Assuming you found something to work with, what we need to do now is extract the filenames and run them through the aforementioned "sips -i [filename]" command. I'm going to do this using awk and a pipe (|) which will send the mdfind results to the awk command. When a list of file paths is directed to it, the command awk '{sub(/ /,"\\ ");system("sips -i " $0);}' will escape any spaces in the path and call "sips -i" to generate the icon for each file listed. Here it is all together:

mdfind -onlyin . '((kMDItemFSHasCustomIcon == 0) && (kMDItemContentType == "public.jpeg"))'|awk '{gsub(/ /,"\\ ");system("sips -i " $0);}'

You can run that command from any directory to fix any missing icon previews on files in it and all of its subdirectories. You can also turn this into a shell script or, being a one-liner, an alias.

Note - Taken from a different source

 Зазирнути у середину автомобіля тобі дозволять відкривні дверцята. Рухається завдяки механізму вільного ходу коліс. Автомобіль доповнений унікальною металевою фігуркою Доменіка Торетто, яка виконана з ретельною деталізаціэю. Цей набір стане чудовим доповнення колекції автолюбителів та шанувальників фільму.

The makings of a "Spotlight Gallery"

Just for fun (this is fun, right?), let's look at one more. This one creates a directory of thumbnails from the result of an mdfind search for JPEGs matching a certain keyword (in this case, "texture"). Because it's not overly advanced, it requires the creation of an output folder (Texture, in this example) on your desktop before running it:

mdfind -onlyin . '(((* == "texture"cdw) || (kMDItemTextContent == "texture"cdw)) && (kMDItemContentType == "public.jpeg"))'|awk '{gsub(/ /,"\\ ");system("sips --resampleHeightWidthMax 250 --out ~/Desktop/Texture " $0);}'

The "cdw" means the keyword is case insensitive, to ignore diacritical marks and that the search is "word based," respectively. More information on advanced search syntax can be found in the Spotlight Overview at Apple's developer site. You can easily modify the "-out" argument to point to any output folder you like, just make sure it exists before running the command. In practice, though, it would be important to set an output directory that was excluded from Spotlight indexing using the Privacy section of the Spotlight preferences panel, otherwise each time the script creates new images they'd be indexed again in Spotlight, creating duplicate results. Note that the gsub in the awk statement only escapes spaces, if you have a lot of reserved characters popping up, you'll need a more detailed regular expression, or you could potentially incorporate something like perl's quotemeta function. Speaking of perl...

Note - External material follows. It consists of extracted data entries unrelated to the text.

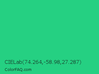 CIELab 74.264,-58.98,27.287 Color is a normal green color and the nearest color is Shamrock #33cc99. Hex code #25d082 and RGB value is rgb(37,208,130). In RGB color space, this color is composed of 15% red, 82% green, 51% blue, In CMYK color space, this color is composed of 82% cyan, 0% magenta, 38% yellow , 18% black , In HSL color space, this color has a hue angle of 153° , 70% saturation and 48% lightness.
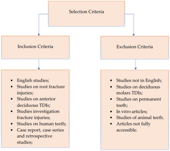 (1) Population. We exclusively considered studies carried out on patients with primary dentition with one or more injured teeth in the incisal group affected by root fracture and/or dislocation (intrusive, extrusive, or lateral). Furthermore, we excluded root fractures of the deciduous molars.
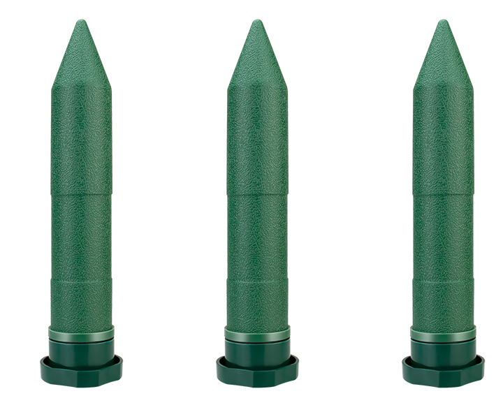 - Välj den plats som är värst drabbad av mullvad eller sork och placera skrämman i marken. OBS! Hamra eller slå aldrig ner produkten. Gör ett hål med spett eller liknande så att det går att trycka ner produkten med god kontakt med jordsidan. Detta ger bästa resultat av ljud och vibrationsöverföringen.

Grand finale: proof of concept

I'm including a simple perl script to take this concept one step further and actually generate a full gallery with thumbnails, resized full images and some HTML/CSS to show off the results. Everything is generated with relative paths so the final output could be moved, uploaded, etc.. Again, it's important to keep the resulting gallery outside of Spotlight's indexing to avoid duplicate results later.

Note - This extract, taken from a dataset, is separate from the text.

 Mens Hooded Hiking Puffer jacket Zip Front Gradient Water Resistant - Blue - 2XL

You can download the script, unzip it and open it in a text editor to get a feel for what it's doing. The current incarnation of this script only takes one single-word term as an argument, but has several editable parameters at the top of the script which you can change with any text editor. If you save the script to your Desktop (or any folder), you can locate it in Terminal and make it executable (chmod a+x albumgenerator.pl). Assuming your perl executable is in the standard location, you can then run the script with:

./albumgenerator.pl keyword


Substitute your favorite keyword and see what it comes up with. This works really well on my system, which is loaded with keyworded stock images. Depending on your image collection, you may have more depressing results, but I'm offering this as a proof of concept that shows one potential use for mdfind. The end goal of this project could be to have a web gallery (or galleries) that automatically updated every time a matching file showed up in your system. Like I said in the intro, I'm not sure about the ultimate "usefulness" of that, but I'm intrigued. And, if nothing else, I learned some new tricks and hopefully shared something a wiz like you hadn't already figured out.